Government Health Care A British Doctor is Bullied for Protecting Patients. By Alec Torres (A Preview of ACA in America?)
http://www.nationalreview.com/article/370437/government-health-care-alec-torres
Great Britain’s National Health Service (NHS) is threatening to shut down the practice of a general practitioner because he isn’t readily volunteering his patients’ private medical records to a new government data collection program.
Dr. Gordon Gancz decided to opt all of his patients out of the “caredata” medical-information scheme due to privacy concerns and worries about the security of his patients’ personal information. With the new data-collection system, the government hopes to create an accurate appraisal of the quality of health and social care across England, targeting areas that are underperforming.
The NHS promises to delink any identifying information from the records collected and keep the anonymous information controlled by strict confidentiality rules.
However, critics are worried that the system will be open to hackers or that information might be sold to private health-insurance companies and drug manufacturers.

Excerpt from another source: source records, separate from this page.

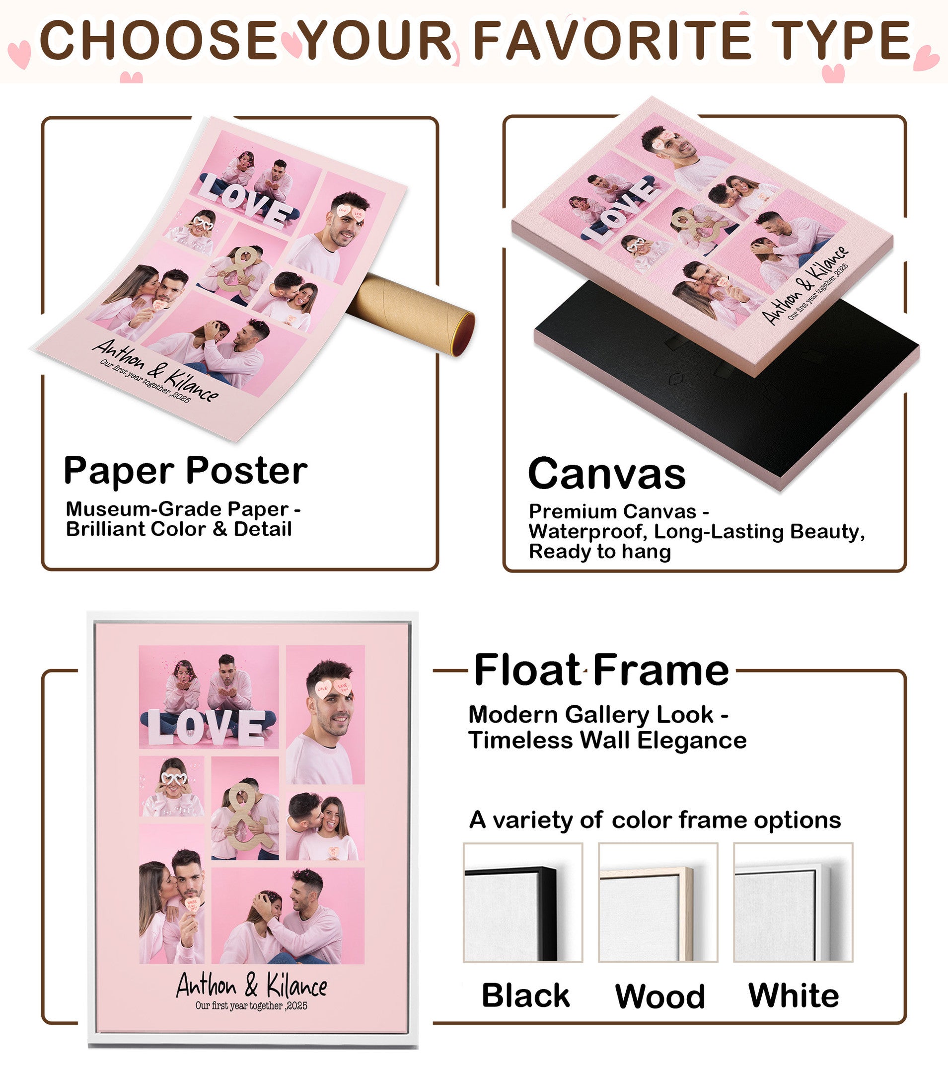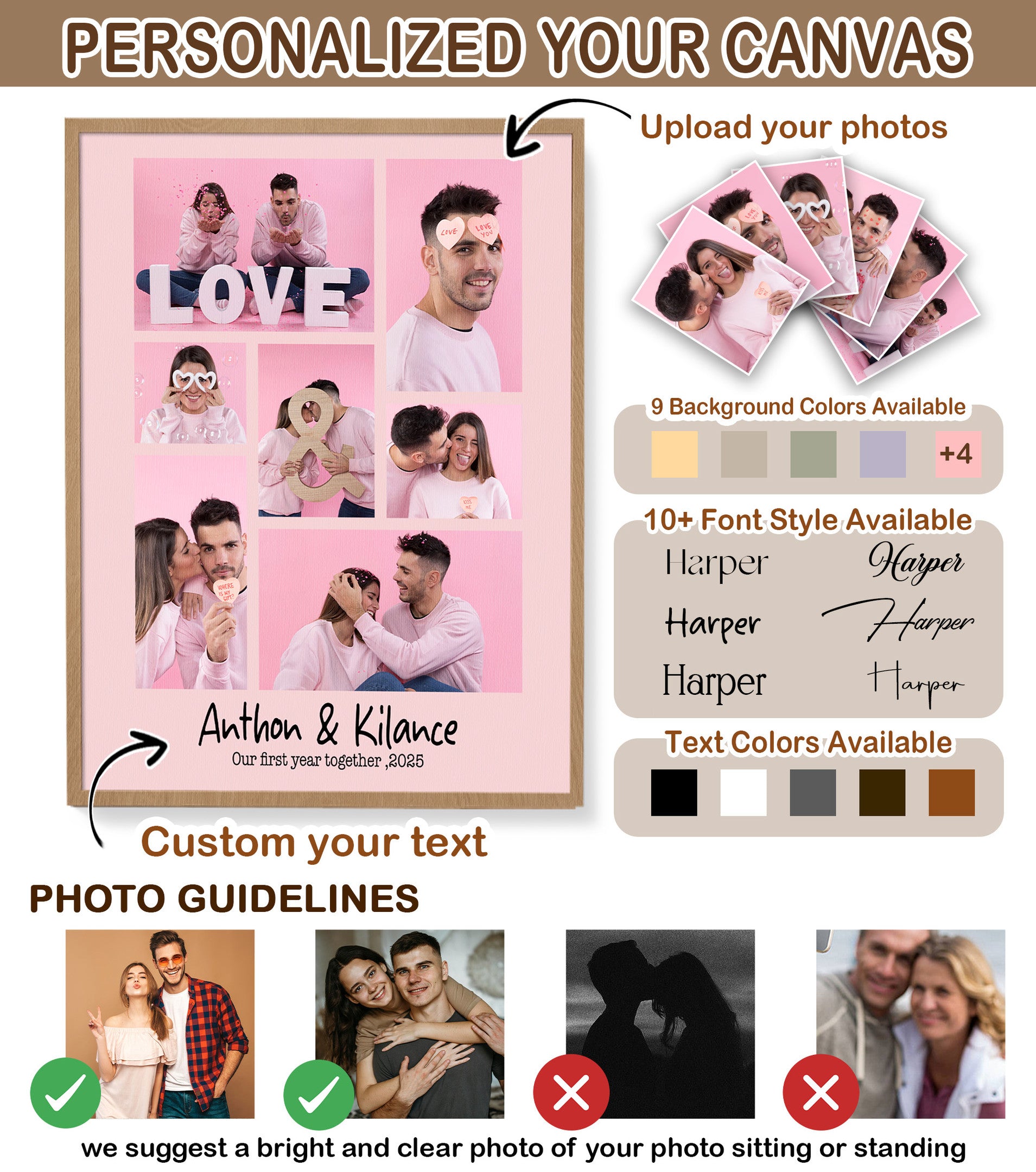 Create a custom collage canvas in minutes. Upload 7 photos, customize layout, text, and colors to tell your love story, family journey, or pet memories.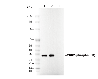Phospho-CDK2 (Thr14) Antibody [F10F1] recognizes endogenous levels of CDK2 protein only when phosphorylated at Thr 14.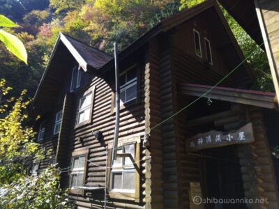 最初にバッジをゲットするべく両神山荘に寄ると、可愛いわんちゃんが干されている。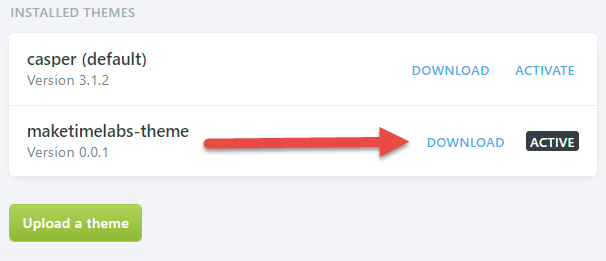 First things first, we need to download our existing theme for modification. You can browse your design admin page at yourdomainname.com/ghost/#/settings/design/change-theme. At the bottom of the design page, you will find your installed themes. Download your active theme.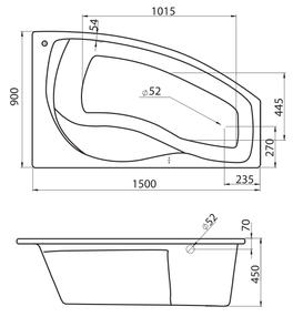 Ванна акрил. МАЙОРКА 150-90 правая б/рамы б/п б/сиф 1.WH11.1.985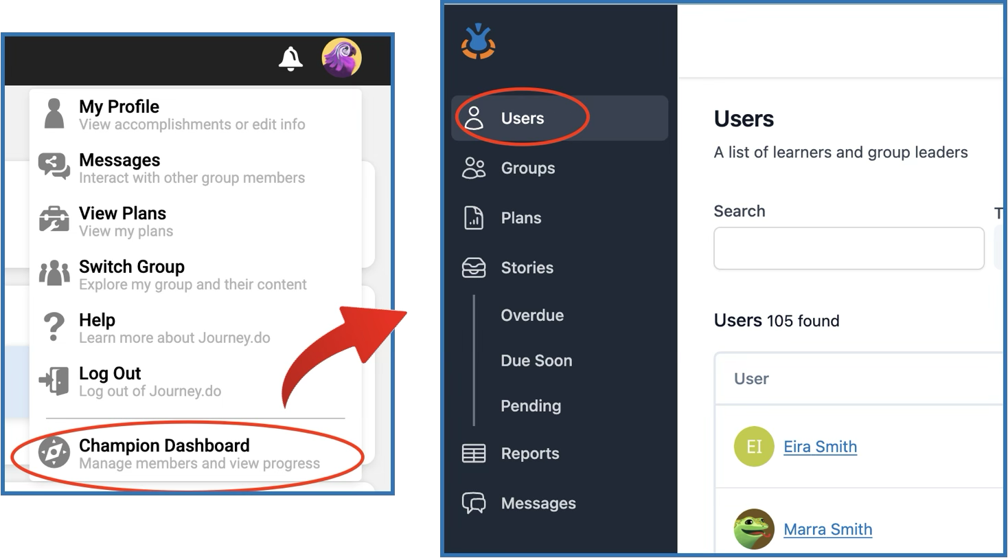 Access the Champion Dashboard and click on the Users tab.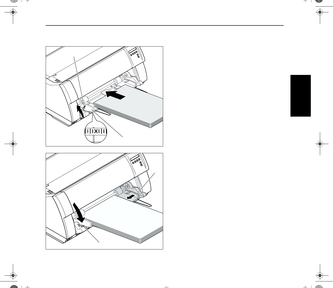 Die linke Papierführung ➀ an der Markierung auf der un-
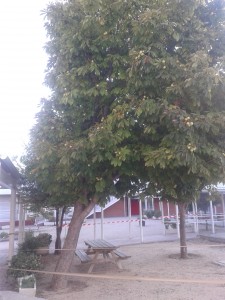 Era el curso 92/93, en el colegio habíamos hecho un curso sobre “Huerto y jardín escolar” que organizaba el Ayuntamiento y que estaba dotado con herramientas y una serie de árboles y plantas. Allí estaba nuestro Castaño de Indias, era finito y tenía unas cuantas yemas; con él venían unas cuantas Catalpas, un Phitosforo, herramientas… el colegio no era como ahora, tenía otros espacios, decidimos poner los árboles próximos a lo que era al colegio (sólo existía el actual para Primaria), y a nuestro Castaño le tocó en una esquina, un poco separado por si echaba muchas raíces. Muchos años de cuidados y riegos después se convirtió en el “árbol del patio”, era el más frondoso, su tronco era muy robusto y nos daba todos los años infinidad de castañas “locas” como se las suele llamar, con las que jugábamos los más pequeños ( y algunos grandes). Con el paso del tiempo, le plantamos al lado un compañero, que ahora se ha quedado solo, pero que sigue sus pasos en cuanto a robustez y frondosidad. Cuando veníamos al colegio en septiembre, ahí estaba esperándonos con sus castañas, dentro de esas bolas verdes con pinchos, tan curiosas. Este año cuando llegamos no estaba, que habría pasado, no quedaba nada de nuestro árbol…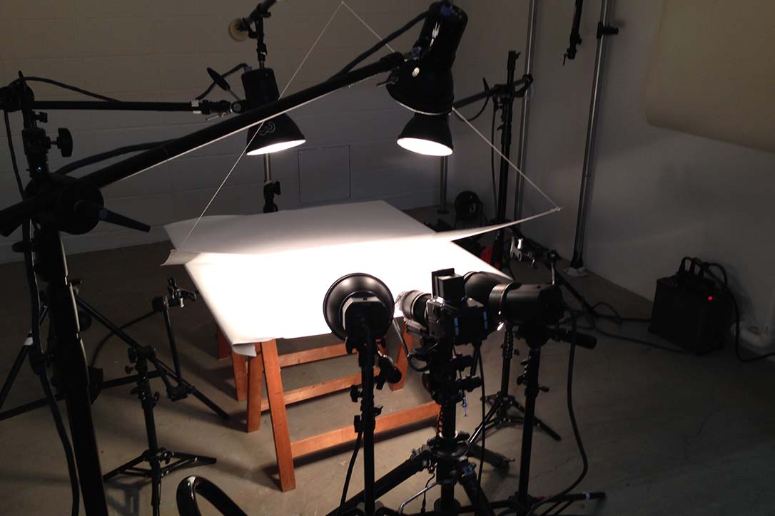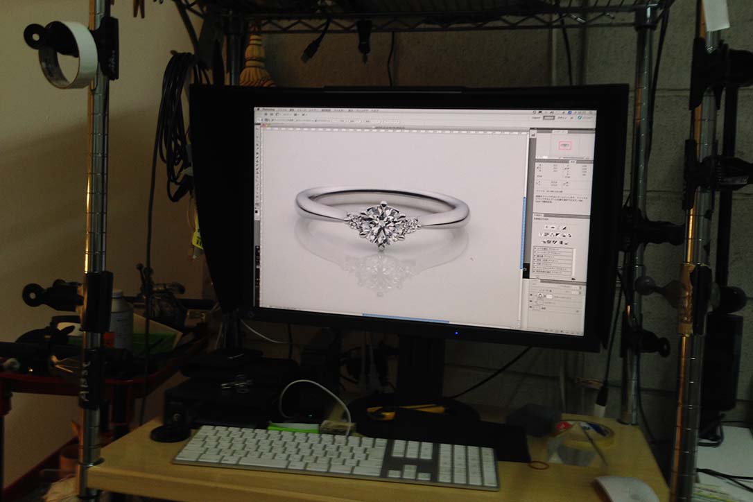 婚約指輪の撮影です。リングを寝かせて正面やや上からの撮影です。ダイヤのきらめきを出すのは基本的に正面からライトを入れます。でもそうすると直接ライトを当てているためにプラチナの地金に丸い反射が出来てしまいます。それを避けるためにライティングをかえて何枚も撮影して、後で合成して完成させます。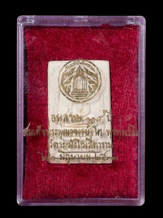 พระสมเด็จรุ่นอนุสรณ์ 118 ปี วัดระฆัง พิมพ์ปรกโพธิ์ พร้อมกล่องเดิม (สมบูรณ์เขี้ยวไม่หัก) หลังตรายางสีน้ำเงินอมม่วง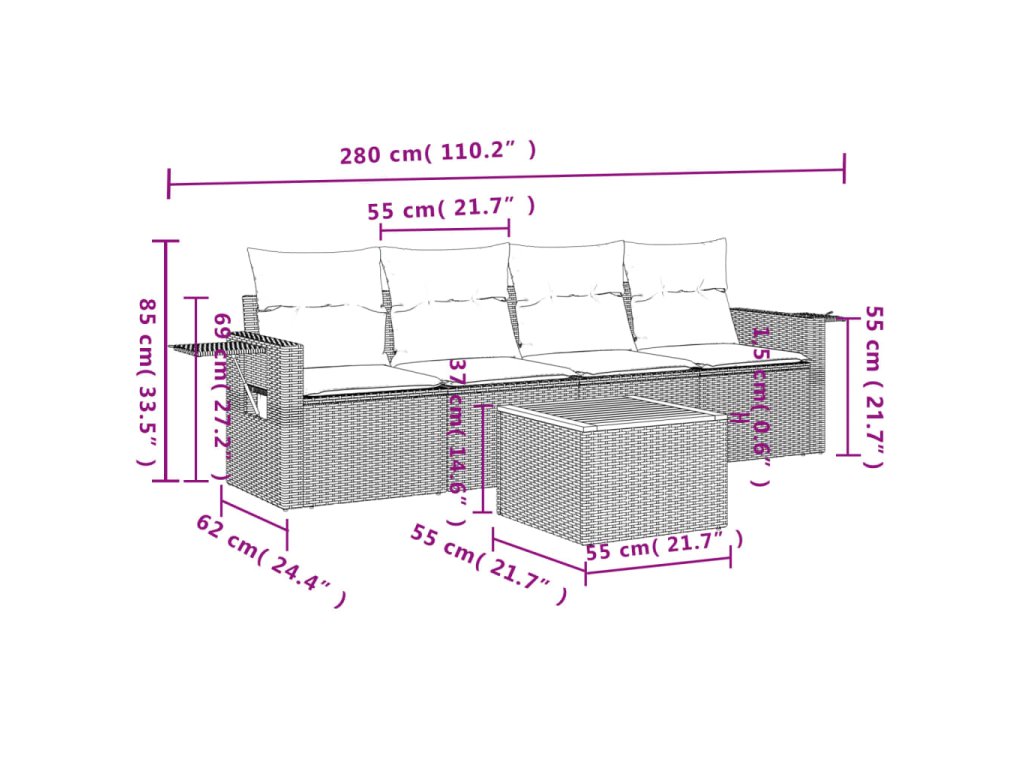 Tato zahradní sedací souprava je dokonalým doplňkem vaší zahrady, terasy nebo dvorku a poskytne vám pohodlné a příjemné místo, kde si můžete povídat s rodinou a přáteli nebo jen tak odpočívat a užívat si pobyt venku.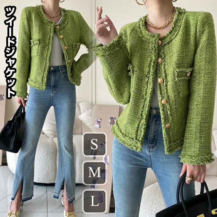 ツイードジャケット レディース 春 ジャケット アウター ショート 羽織り ノーカラージャケッ...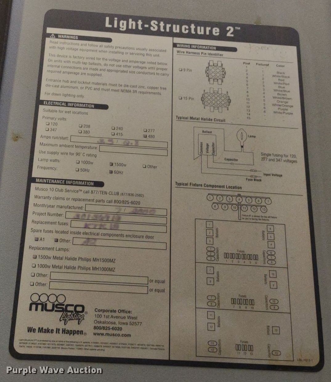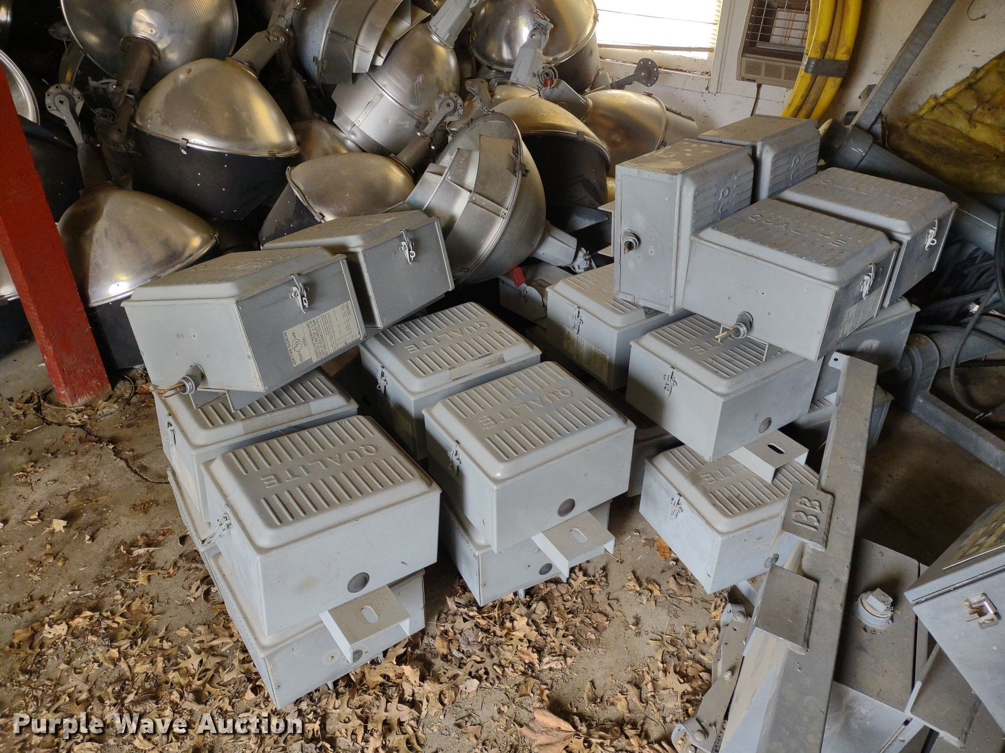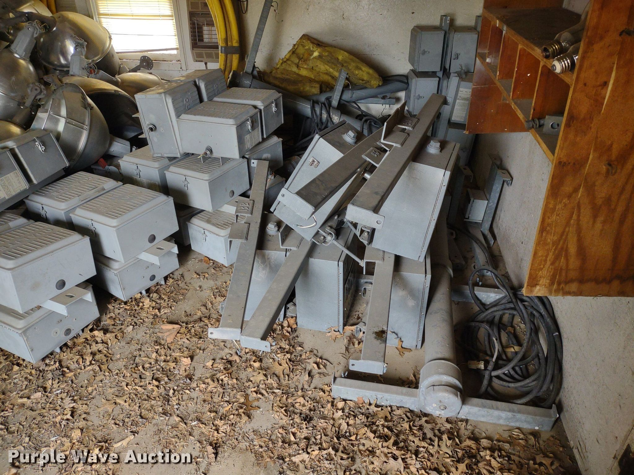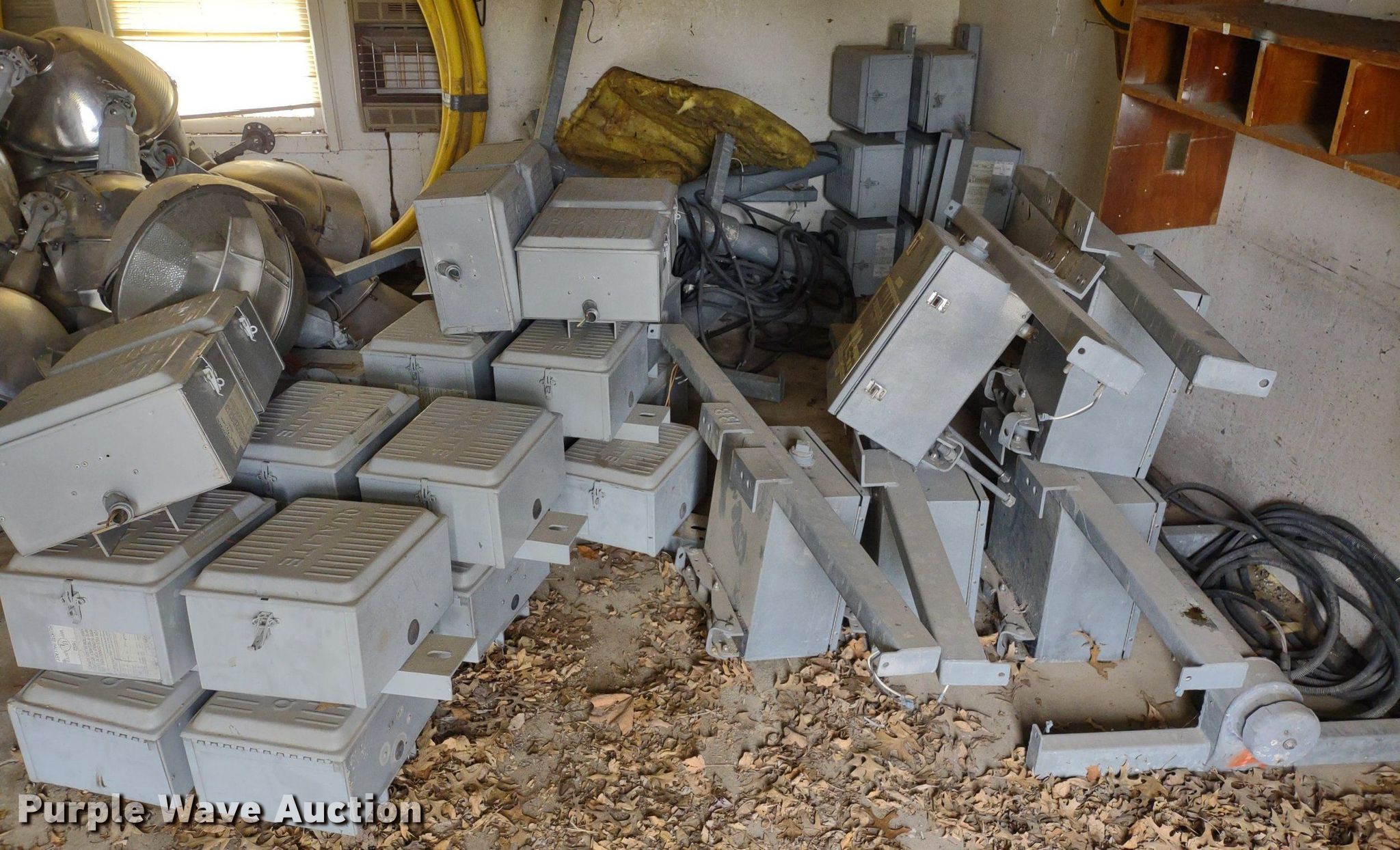 Purple Wave is selling a used Building Materials in Kansas. This item is a Approximately 50 Musco stadium light with the following: Brackets, boxes

The program, which begins in March, allows individuals to opt out and keep their information private by informing their general practitioner of their decision, but Gancz does not think patients have been properly informed about their ability to opt out. “I believe research is important — medicine is all about research — but patients should positively want to release their information,” Gancz told the Daily Mail. “In many cases patients will not even know that this scheme is about to start so they will not have an opportunity to opt out, should they so wish.”
Worried about the program, Gancz decided to automatically opt all of his patients out of the system, allowing them to opt in if they so choose. Now, he told the Mail, the NHS is threatening to shut down his practice. The government-run health service has also sent him a “threatening” e-mail telling him to remove a statement on his website informing his patients that he was “concerned” about the data-extraction scheme and would only opt his patients into the program upon request. The NHS allegedly told Gancz that by not automatically opting in his patients he would be “in breach of his contract.”
Gancz has accused the NHS of trying to “bulldoze” doctors with “blatant bullying.” As of yet, the fate of his practice has not been determined.
— Alec Torres is a William F. Buckley Fellow at the National Review Institute.